The NTTConfig struct is a configuration object used to specify parameters for an NTT instance.

Fields

  • stream_handle: IcicleStreamHandle: Specifies the stream (queue) to use for async execution

  • coset_gen: S: Defines the coset generator used for coset (i)NTTs. By default, this is set to S::one(), indicating that no coset is being used.

  • batch_size: i32: Determines the number of NTTs to compute in a single batch. The default value is 1, meaning that operations are performed on individual inputs without batching. Batch processing can significantly improve performance by leveraging parallelism in GPU computations.

  • columns_batch: If true the function will compute the NTTs over the columns of the input matrix and not over the rows. Defaults to false.

  • ordering: Ordering: Controls the ordering of inputs and outputs for the NTT operation.
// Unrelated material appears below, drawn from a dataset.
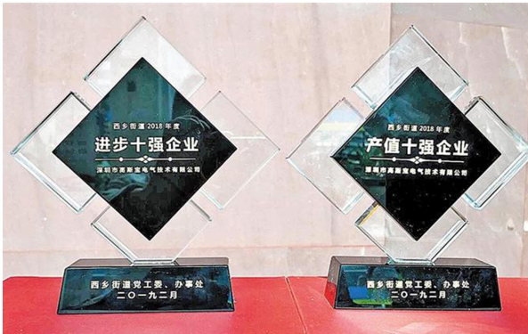
西乡街道“产值十强企业”“进步十强企业”奖牌

近日,西乡街道召开2019年经济工作会议,对2018年度辖区内经济效益突出、发展迅速的30多家企业与10名十佳统计员进行了表彰。深圳市高斯宝技术电气有限公司(简称“高斯宝”)荣获2018年

This field can be used to specify decimation strategies (in time or in frequency) and the type of butterfly algorithm (Cooley-Tukey or Gentleman-Sande). The ordering is crucial for compatibility with various algorithmic approaches and can impact the efficiency of the NTT.

  • are_inputs_on_device: bool: Indicates whether the input data has been preloaded on the device memory. If false inputs will be copied from host to device.

  • are_outputs_on_device: bool: Indicates whether the output data is preloaded in device memory. If false outputs will be copied from host to device. If the inputs and outputs are the same pointer NTT will be computed in place.

  • is_async: bool: Specifies whether the NTT operation should be performed asynchronously. When set to true, the NTT function will not block the CPU, allowing other operations to proceed concurrently. Asynchronous execution requires careful synchronization to ensure data integrity and correctness.

  • ext: ConfigExtension: extended configuration for backend.

Example

// Setting Bn254 points and scalars
println!("Generating random inputs on host for bn254...");
let scalars = Bn254ScalarCfg::generate_random(size);
let mut ntt_results = DeviceVec::<Bn254ScalarField>::device_malloc(size).unwrap();

// constructing NTT domain
initialize_domain(
ntt::get_root_of_unity::<Bn254ScalarField>(
size.try_into()
.unwrap(),
),
&ntt::NTTInitDomainConfig::default(),
)
.unwrap();

// Using default config
let cfg = ntt::NTTConfig::<Bn254ScalarField>::default();

// Computing NTT
ntt::ntt(
HostSlice::from_slice(&scalars),
ntt::NTTDir::kForward,
&cfg,
&mut ntt_results[..],
)
.unwrap();

NTT Domain

Before performing NTT operations, it is mandatory to construct the domain as explained here. In rust, we have the following functions to construct, destruct the domain and retrieve a root of unity from it:

pub trait NTTDomain<F: FieldImpl> {
pub fn initialize_domain<F>(primitive_root: F, config: &NTTInitDomainConfig) -> Result<(), eIcicleError>;
pub fn release_domain<F>() -> Result<(), eIcicleError>;
pub fn get_root_of_unity<F>(max_size: u64) -> F;
}